# New Guy needs advice..



## Router Bit (Mar 27, 2009)

I'm starting on a small pine bookcase, about 3'x3', 10" deep.
I'll be working from horses, and feel confident I can do the daddos
and the edge finish. I don't now how to put a rabbet cut on the
back of the bookcase. I have a workmate table, some clamps, and
horses with an old hollow core door for my work surface. So how do
I set up for rabbeting that will receive the thin plywood backing
of the bookcase. Hope I wasn't too wordy, and thanks for any advice...


----------



## Woodnut65 (Oct 11, 2004)

Hi William: Making a dato for the back is fairly simple. After you have the top, bottom, and sides marked for left and right and top and bottom mard the sides also top and bottom. Clamp the side with the inside surface up onto your bench or what ever you use.
put a rabiting bit in the router and run it down the back of the sides. if the sides are 3/4"
and the back is to be 1/4" you can make the rabit 1/4 deep and extend into the side to about 3/8ths, this offers a little mor room to nail the back on during assembly.
Hope this helps. Woodnut65


----------



## Ralph Barker (Dec 15, 2008)

A couple of fine points to add. The rabbets can be cut with either straight bits combined with an edge guide on the router, or with rabbet bits that have edge bearings. In either case, it's best to rest the router base on the inside surface of the work pieces.
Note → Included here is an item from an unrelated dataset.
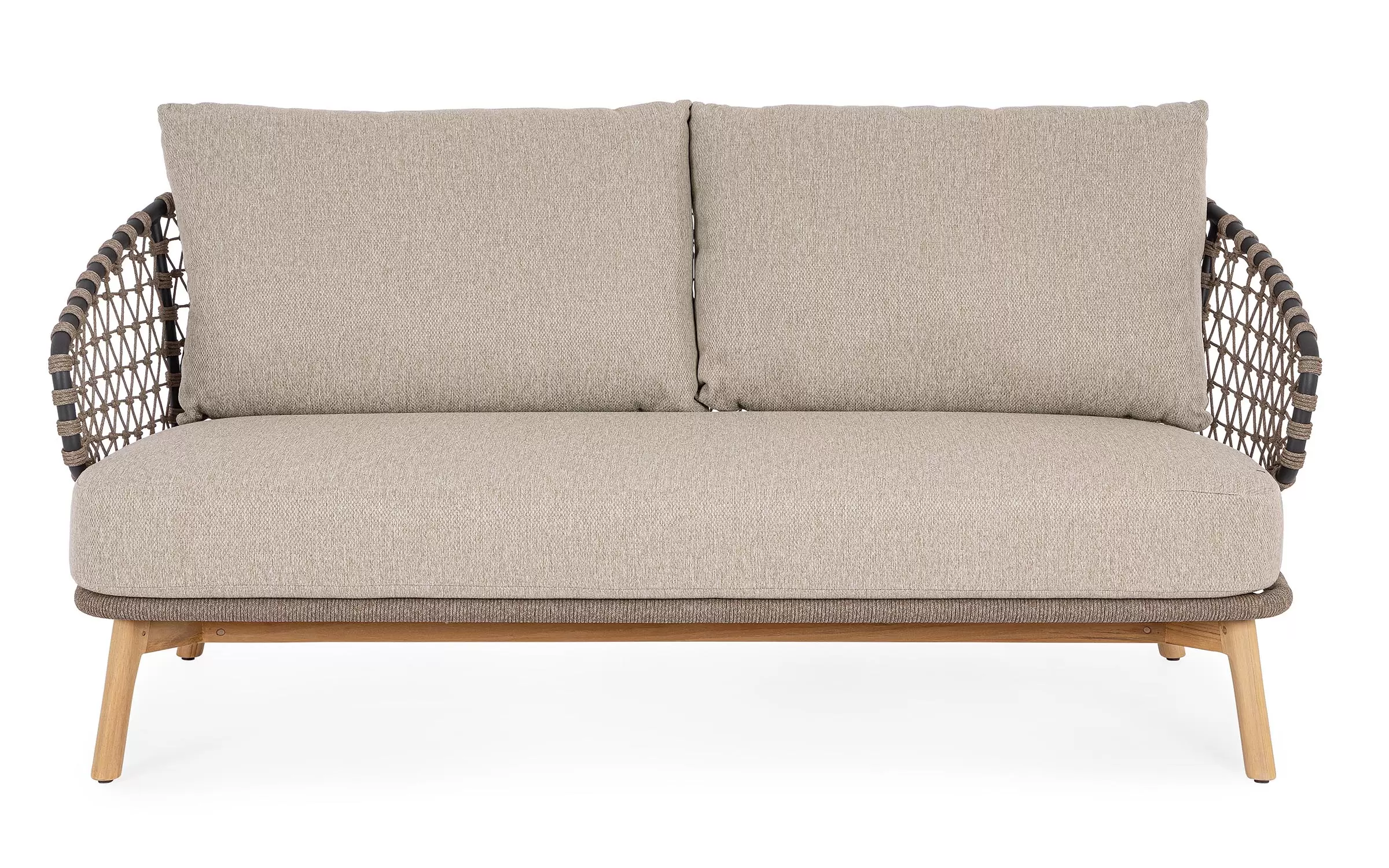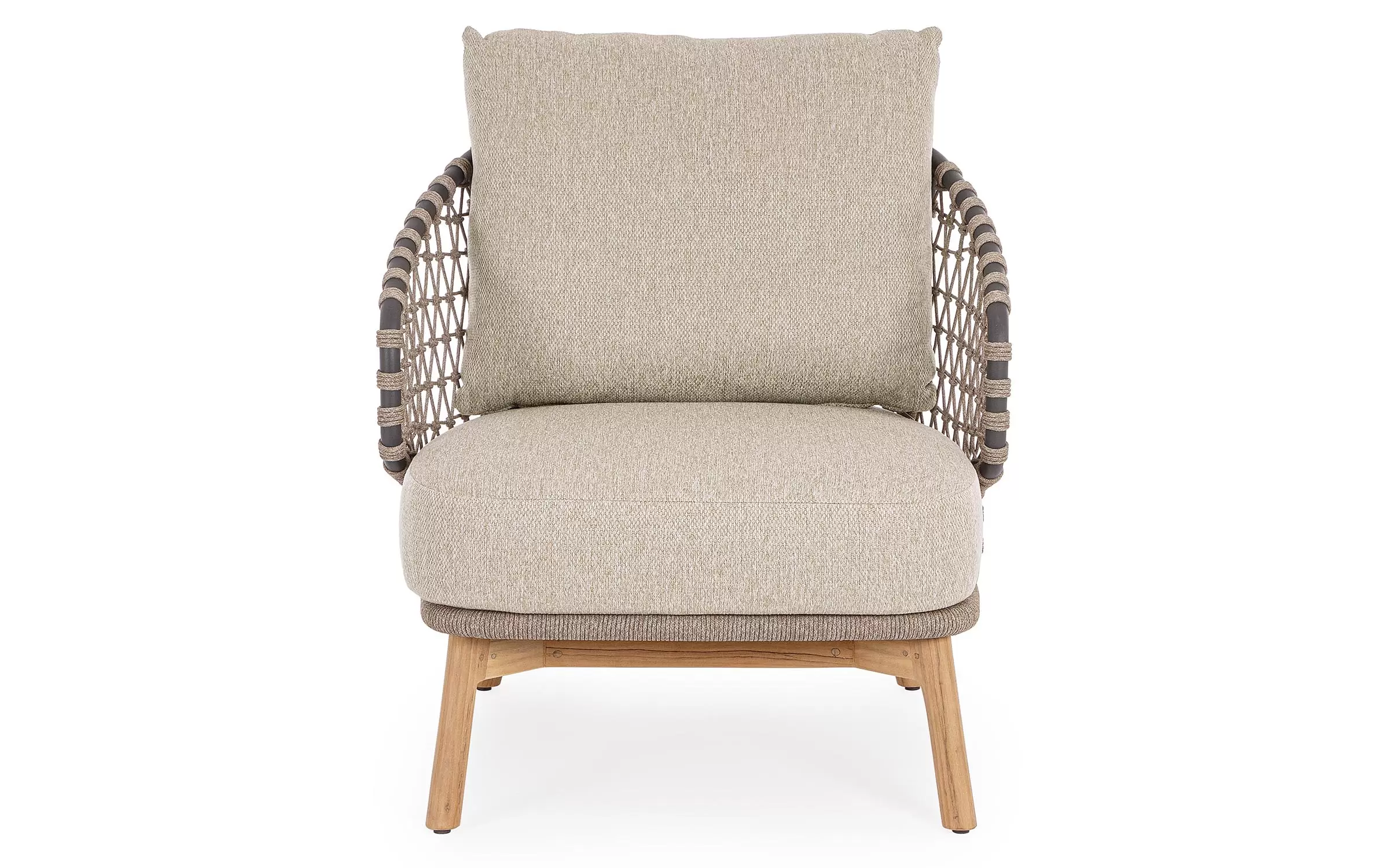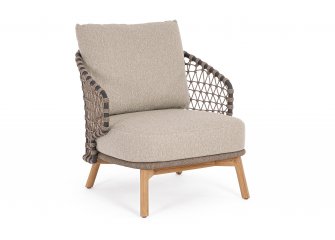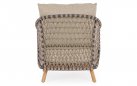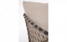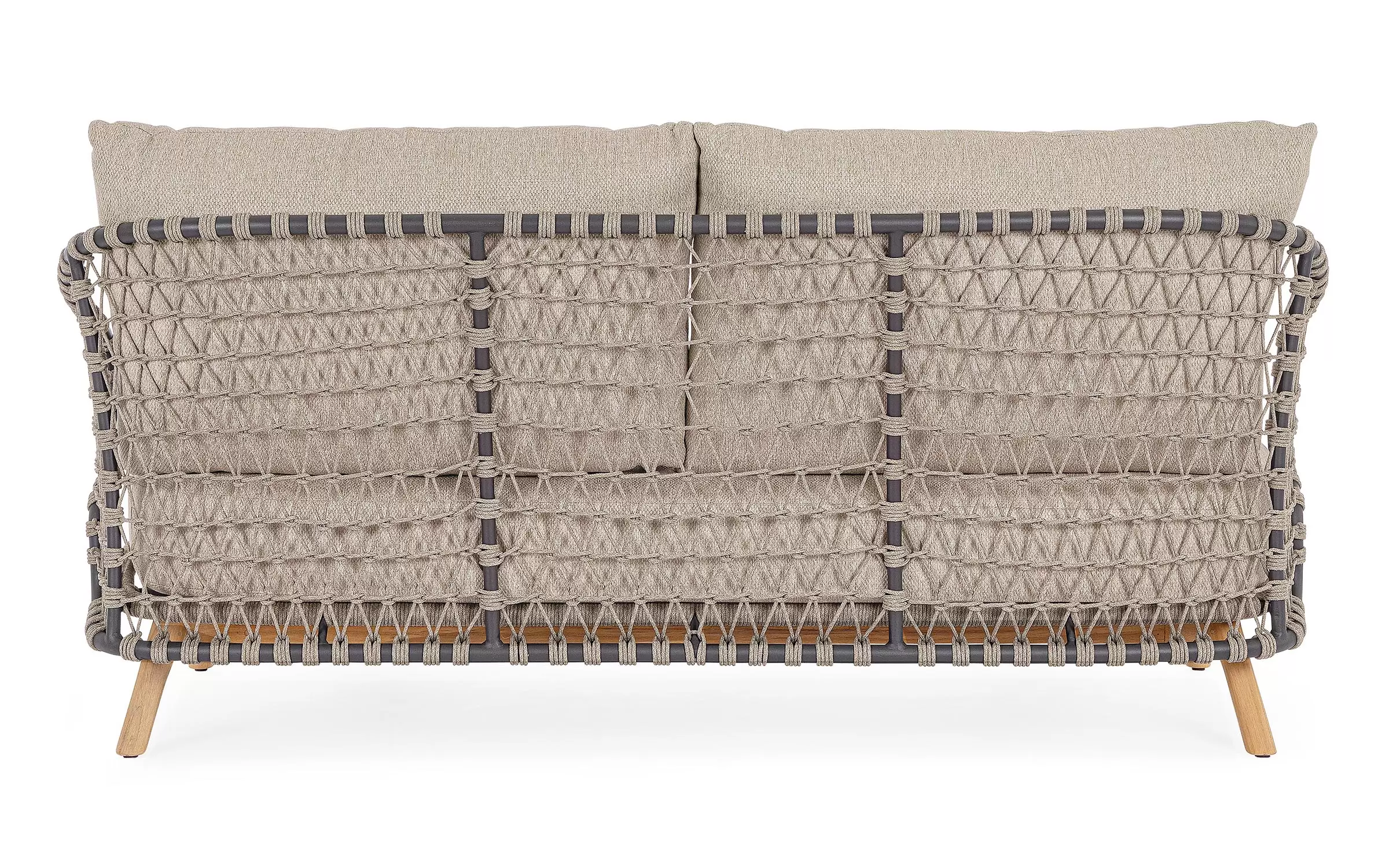 Zestaw wypoczynkowy tarasowy z wysokim oparciem na podstawie z drewna teak. Siedziska wykonane z aluminiowej ramy w grafitowym kolorze oplecionej sznurkiem polipropylenowym.

With the edge guide, the dimensions of the rabbet is a combination of the guide placement and the depth adjustment on the router. With the specialized rabbet bits, the bit and bearing dimensions control part of the equation.


----------



## Mike (Nov 22, 2004)

William, a rabbeting bit will make the cleanest cut as viewed from the front side of your bookcase. It is worth buying a rabbeting bit with multiple bearings that you change for different depths of cut. If you do not want to lay out the cash here is a method which uses a straight bit: Clamp a board across your work to act as an edge guide for your router. Not all routers are round so it is worth checking the measurements from the center of your bit to the edge of your base. Use a 1/2" bit and make your cut about 3/16". Make a second pass at 1/8". This will give you 1/16" clearance for the back and reduce the likelyhood of tear out.


----------